Bizim de fantastik çocuk filmimiz olsun!
Yazar: Funda SularözYerli yapım ilk fantastik çocuk filmi geçtiğimiz hafta vizyonda yerini aldı. “Bizim niye fantastik çocuk filmimiz yok?” sorusundan yola çıkılarak gerçekleştirilen proje iyi niyetle tasarlanmış ama maalesef ruhsuz bir film olmuş.
Anne ve babası arkeolog olan Deniz, yaz tatilinde dedesini de alıp ailesinin çalıştığı kazı alanına, Mersin/Erdemli’ye doğru yola çıkar. Rüyalarında kulağına fısıldayan Yoncimik adlı peri (Yonca Evcimik), onu Erdemli’de atılacağı maceraya hazırlamaktadır. Kazı alanında ortaya çıkan harita, onları Helenistik Dönem’de yaşayan Olba Krallığı’nın hazinelerine ve en önemlisi de ‘kötü ruh’ olan korsanlardan onları koruyacak kalkana götürecektir. Haritayı ele geçiren Deniz ve arkadaşları maceraya atılırlar!
Yerli yapım bir fantastik çocuk filmine sahip olma fikri teoride oldukça ilgi çekici. Yalnız dünyaya baktığımızda, her açıdan çok başarılı örneklerle karşılaşıyoruz. Özellikle görsel efektlerle meydana getirilen filmlerin fantastik tarafları ciddi altyapılar gerektiriyor. Nitekim Kral Yolu bu tarafıyla sınıfta kalıyor.
Yönetmen koltuğundaki Serli Seta Nişanyan’ın ilk filmi olan Kral Yolu’nda, aksiyonu veremeyen, karakterlerin özelliklerini ortaya çıkaramayan bir senaryoyla karşı karşıyayız. Teknik imkânlardan dolayı efektleri affetsek de senaryodaki sıkıntılar, izlerken “bunu da şöyle yapamazlar mıydı?” gibi sorularla kafada farklı senaryoları doğuruyor. Yalnız illüstrasyonların yer aldığı sahneler, yapan şirket tarafından başarılı şekilde, hakkıyla yerine getirilmiş.
Filmin senaristi ve yapımcılarından biri olan Derya Kaya’nın başroldeki oğlu Deniz mimiksiz, duygusuz bir oyunculuk sergiliyor.
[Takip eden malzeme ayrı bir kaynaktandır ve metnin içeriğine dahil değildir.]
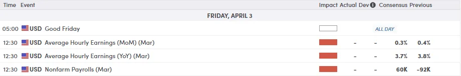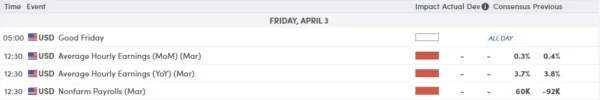 - US nonfarm payrolls for March 2026 – Forecast 60K, versus -92K previous.
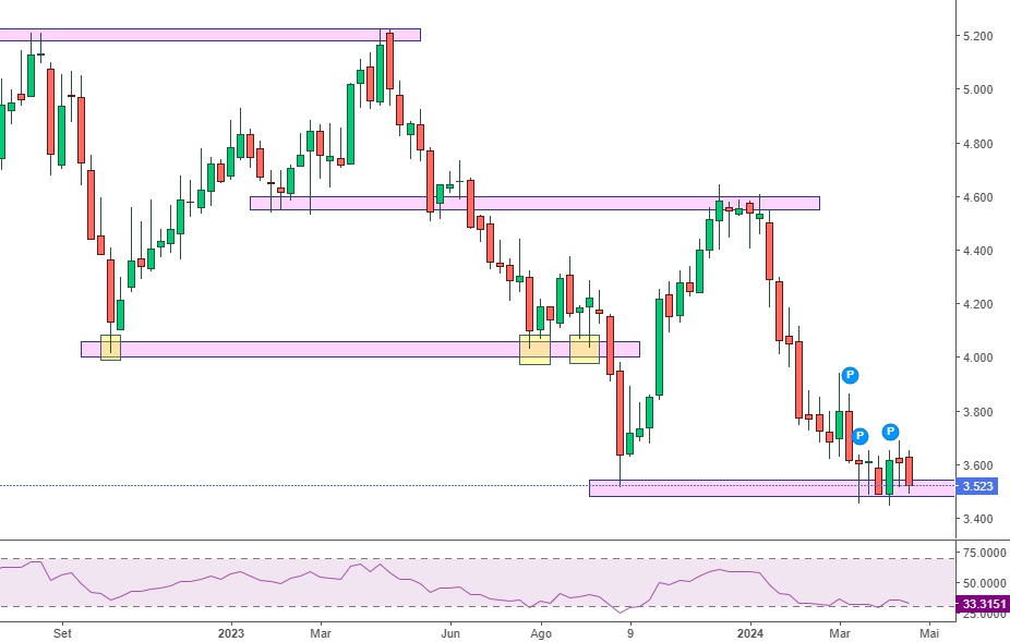 O valor à volta dos 3.50 tem sido um belo suporte.

Tüm çocukların ilk oyunculuk denemesi olsa da başrol dışındaki çocukların daha iyi performans gösterdiği aşikâr... Filmde gereksiz diyaloglar, tepkiler de söz konusu. Çocukların dilini vermeye çalışırken, bozuk Türkçeli cümleler kullanılmaktan çekinilmemiş. Doğa Rutkay, rolünde yapmacık kalırken ve Arda Esen ile Murat Soydan görece daha başarılıyken, peri rolündeki Yonca Evcimik sahnelere gerçekten de enerji katıyor.
Filmin en büyük artısı ise Mersin/Erdemli’deki doğal zenginlik. Ülkemizin sunduğu doğal platolar filmlerde parlıyor. Ortaya çıkan bu güzel görüntüleri film için bir artı olarak değerlendirebiliriz. Filmin sonunda çekim esnasındaki görüntüler geliyor ve film içim verilen onca emeği görünce insan bu kadar emeğe karşılık keşke daha başarılı sonuçlar alınsaymış diye düşünmeden edemiyor.